Fill a medium-size saucepan about one-third full with water, and heat on medium. Use a bowl that will fit on top of the pot, or nestle down a bit, but will not touch the water. Cut the butter into small chunks and toss in the bowl with the sugar. Place the bowl on the pot so the butter starts to melt as you zest the lemons (keep the zest separate to add at the end). Whisk the melting butter and sugar together and add the lemon juice, continuing to whisk until blended.

Lift the bowl. If the water is rapidly boiling—anything over a gentle simmer, really—turn it down and let some of the heat escape to bring the temperature down.

In a separate bowl, continue to beat the eggs together well, until they are fluffy and full of bubbles, and the whites and yolks are integrated. Add the beaten eggs to the other ingredients in the bowl on the stove, whisking everything together. Once this mixture is combined, use a rubber spatula to continuously scrape the bowl around the sides—especially the bottom—so the mixture cooks evenly.

The point of using the double-boiler method is to gently cook your eggs with everything. If the heat is too high, it will scramble the eggs before they become a curd. The mixture will thicken over the next 7 to 10 minutes and become more cohesive and firm along the edges of the bowl. The curd is done when you can lift the
spatula, run your finger through the curd on it, and it's thick and satiny, like pudding.

Add the zest and salt. Mix. Turn into another bowl and cover with cling wrap; otherwise, it will form a weird skin. Refrigerate for at least 30 minutes.

Blueberries

1 pint blueberries, picked through for stems and duds

1/4 cup raw sugar

juice and zest of 1 lemon

pinch of sea salt

a few sprigs of tarragon, mint, or chervil, chopped

1 tsp vanilla, or a scraped vanilla pod

Pick the leaves off the herbs and chop.

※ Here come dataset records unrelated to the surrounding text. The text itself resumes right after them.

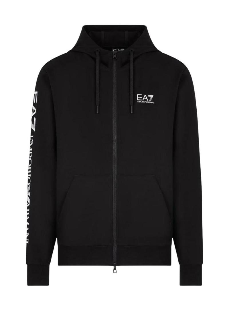 Moletom Emporio Armani EA7. Cor preta. Com capuz. Manga comprida. Fecho com zíper. Logotipo EA7 em destaque no peito e em uma manga. Bolsos laterais. O modelo veste tamanho L.
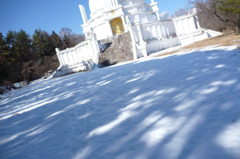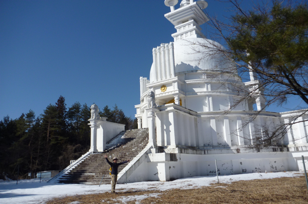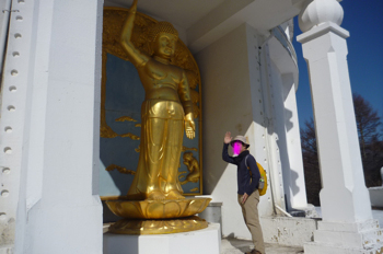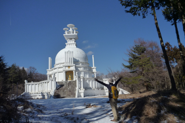 上まで登ると、仏舎利塔の周りをぐるっと回る事ができます。
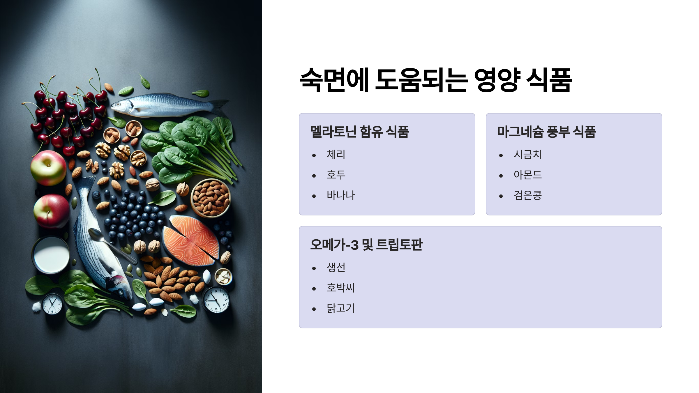 | 음식 | 수면에 미치는 영향 | 섭취 타이밍 |
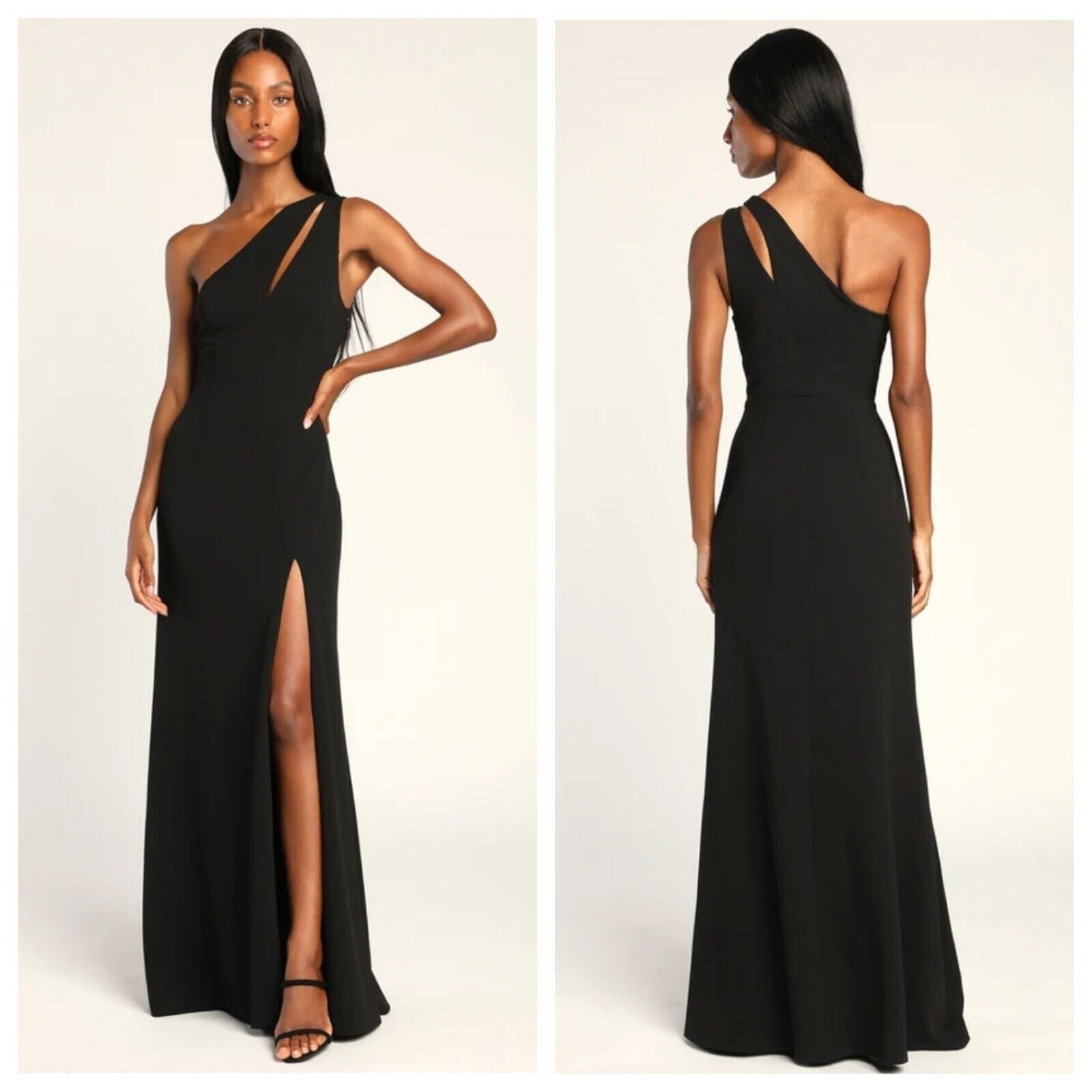 Lulu's Enchanted Energy Black One-Shoulder Maxi Dress - M
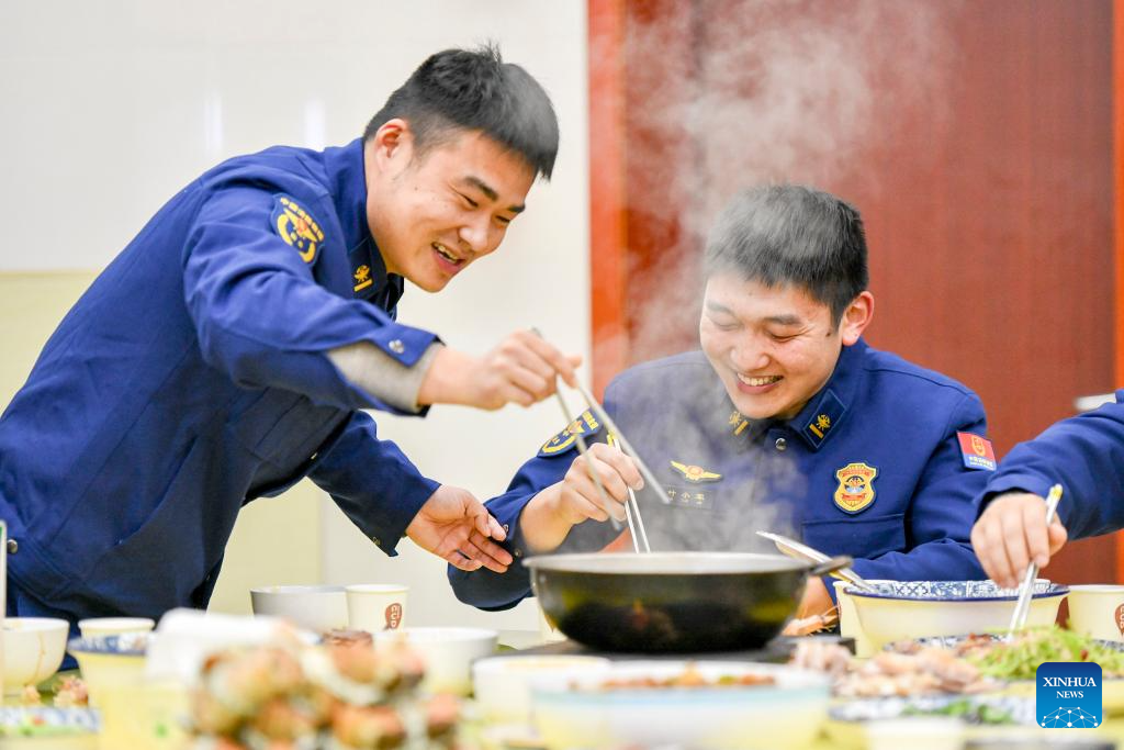 Firefighters have a meal at a fire station in Taizhou City, east China's Jiangsu Province, Jan. 28, 2025. Dining with family members in a reunion meal has been a cherished tradition for the Chinese on the eve of the Spring Festival, which falls on Jan. 29 this year. (Photo by Yang Yugang/Xinhua)
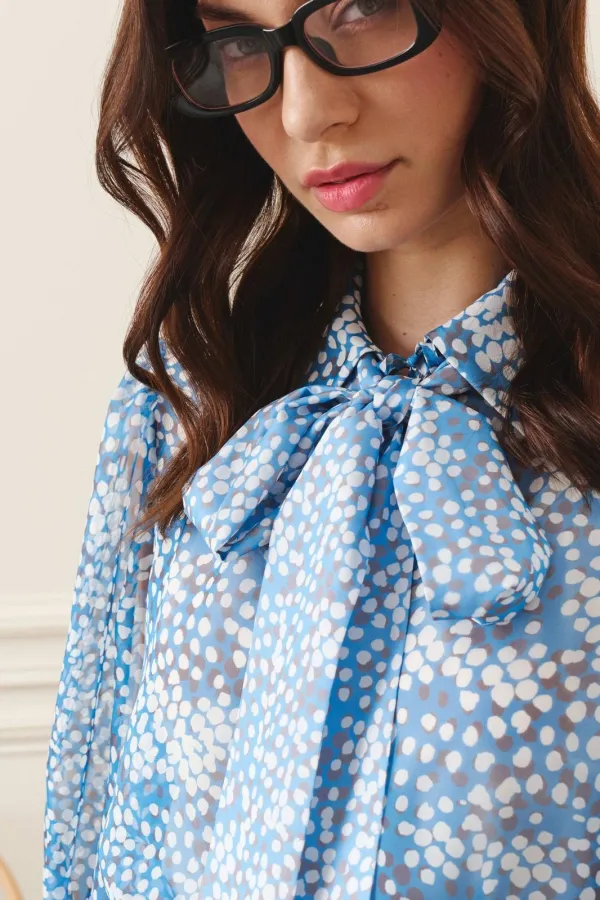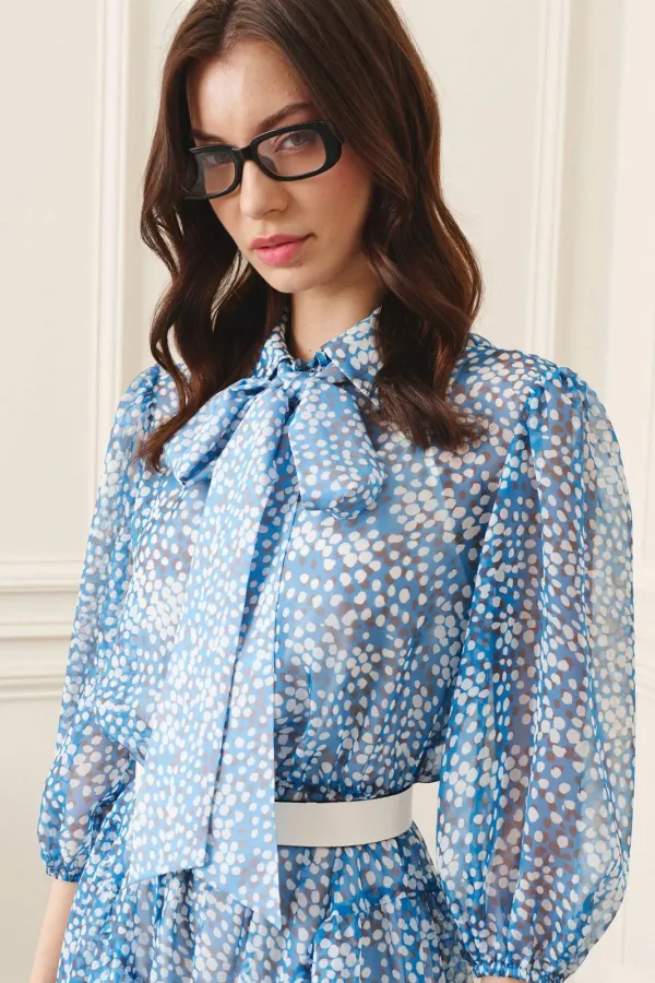 Платье свободного кроя из шифоновой ткани. Рукав втачной, до линии локтя по верхней части рукава сборка, по низу рукава резинка. По горловине воротник рубашечного типа на завязку и фигурный вырез в форме капли. Платье по... Читать далее...

Bruise the herb stems by crushing them in your hand for a few seconds and then toss with the blueberries; there's a lot of flavor and fragrance in the stems. Toss the blueberries with sugar, salt, and vanilla. Add the lemon juice and zest. Let the fruit mixture sit for at 30 minutes. Serve with the lemon curd.

Mushrooms proved to be slightly trickier than blueberries to find and collect and eat. We started hypothetically.

One fall morning, after a breakfast of toast with scrambled eggs, Brendan, Dingo, and I set out on the “circle walk,” a four- or five-mile loop that's the alternative route to our usual daily walk to the main road. We'd always seen a lot of mushrooms in the summer and fall, so this time, on a lark, we decided to bring a covered straw basket, not unlike the one Red Riding Hood might have carried to her grandmother's house.